Parce que, la difficulté première dans l’organisation de ces débats, c’est que ceux qui s’y déplacent ne sont pas représentatifs de la population dans son ensemble. Ceux qui s’y expriment font parfois référence à de fausses informations. Prononcés sous la forme d’un réquisitoire, les mots sont parfois bus par l’assistance sans même une remise en cause possible ! Les propositions qui sont faites, lorsqu’elles concernent des dépenses, ne font l’objet d’aucune évaluation… Et comme personne n’en conteste l’intérêt, elles sont forcément possibles. Enfin les économies à réaliser ciblent régulièrement les élus qui sont présenter comme des dépensiers. Diminuer le nombre de parlementaires semble être une bonne idée, mais cela entraînera un élargissement du périmètre territorial de leur circonscription. A un moment où on leur reproche leur éloignement du terrain, est-ce vraiment la bonne solution ? Comprenons-nous bien, à titre personnel, je suis favorable à la réduction du nombre de parlementaires, mais je pense connaître leur quotidien et je suis loin de penser que ce sont des fainéants payés grassement par le contribuable pour dormir sur les rangs de l’assemblée !
En somme, ces « grands » débats laissent croire à ceux qui y participent qu’il est possible de (re)construire la France en 2h, un peu comme autour de la dinde du dimanche chez Grand Maman. Quelque part, on délégitimise le travail des élus de terrain et le travail parlementaire. Comprenons-nous bien, je ne remets pas en question la volonté participative de la population française que je trouve tout à fait bienvenue, je pense néanmoins que lui laisser croire que la décision politique sur l’avenir d’un pays peut reposer sur la seule discussion citoyenne est un leurre.
Et quand bien même ces échanges avec la population sont enrichissants – ayant organisé deux débats pour l’heure à Carbon-Blanc, je me suis moi-même nourri de la perception des choses et des propositions de mes concitoyens – ne risque-t-on pas de créer une frustration plus forte chez ceux qui, même si leur avis est minoritaire, ont la certitude du contraire ?

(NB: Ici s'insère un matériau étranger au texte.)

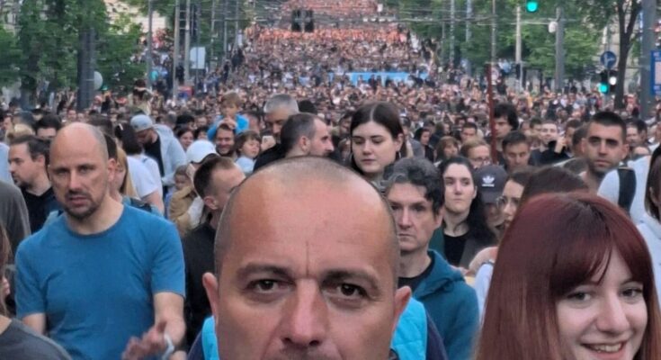 Bujanovac, 20. maj 2023. (foto: Arsić na protestu Srbija protiv nasilja) – Šef bujanovačkog odbora Narodne stranke Saša Arsić kaže da su sve srpske stranke u Bujanovcu postigle dogovor o jedinstvu na predstojećim izborima za mesne zajednice (4. jun) zbog albanske opštinske vlasti koja za sredine u kojima žive Srbi izdvaja manje novca nego što bi trebalo i koliko im iz opštinskog budžeta pripada. On je naglasio da ovaj dogovor ne znači da je Narodna stranka u koaliciji sa naprednjacima, SPS, ili bilo kojom vladajućom strankom.
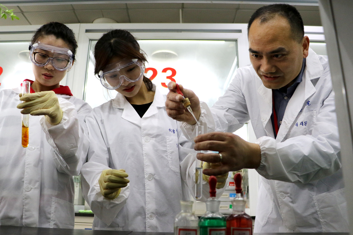 化材学院老师指导学生无机化学实验
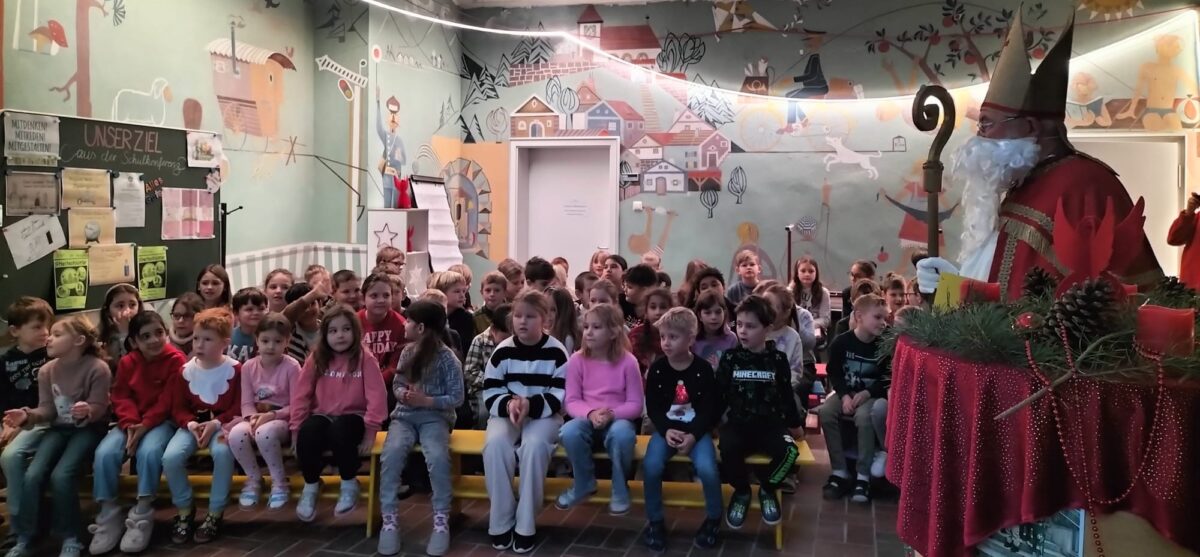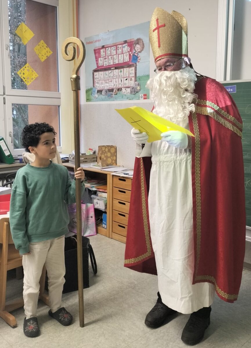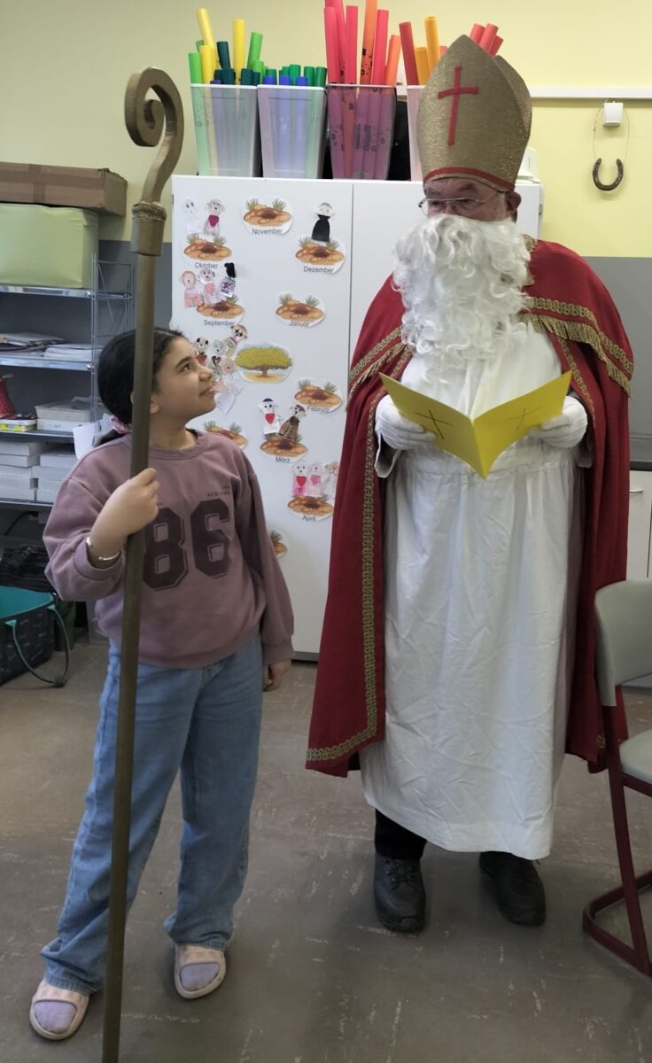 Im Anschluss an die Feier in der Aula besuchte der Nikolaus die einzelnen Klassen, lobte und tadelte und hatte für jedes Kind ein Geschenk dabei.

Finalement, ce dialogue relancé avec la population française n’est ni un grand débat, ni un grand déballage. Il est une nouvelle étape dans la construction démocratique de notre pays. Aujourd’hui, personne ne peut savoir ce qu’il en ressortira, mais l’exercice en lui même est la preuve que la relation du citoyen à l’élu doit changer dans notre pays. Nos institutions n’ont pas évolué avec notre société.
Depuis l’émergence des nouveaux médias, des chaînes d’information en continu, des réseaux sociaux, notre pays ne se gouverne plus par une vision politique à long terme, il se gouverne à l’émotion. La France et les Français ont besoin d’un capitaine qui tienne la barre, d’hommes et de femmes politiques dotés d’une colonne vertébrale, assumant des positions claires, acceptant l’impopularité et le risque de ne pas être réélus.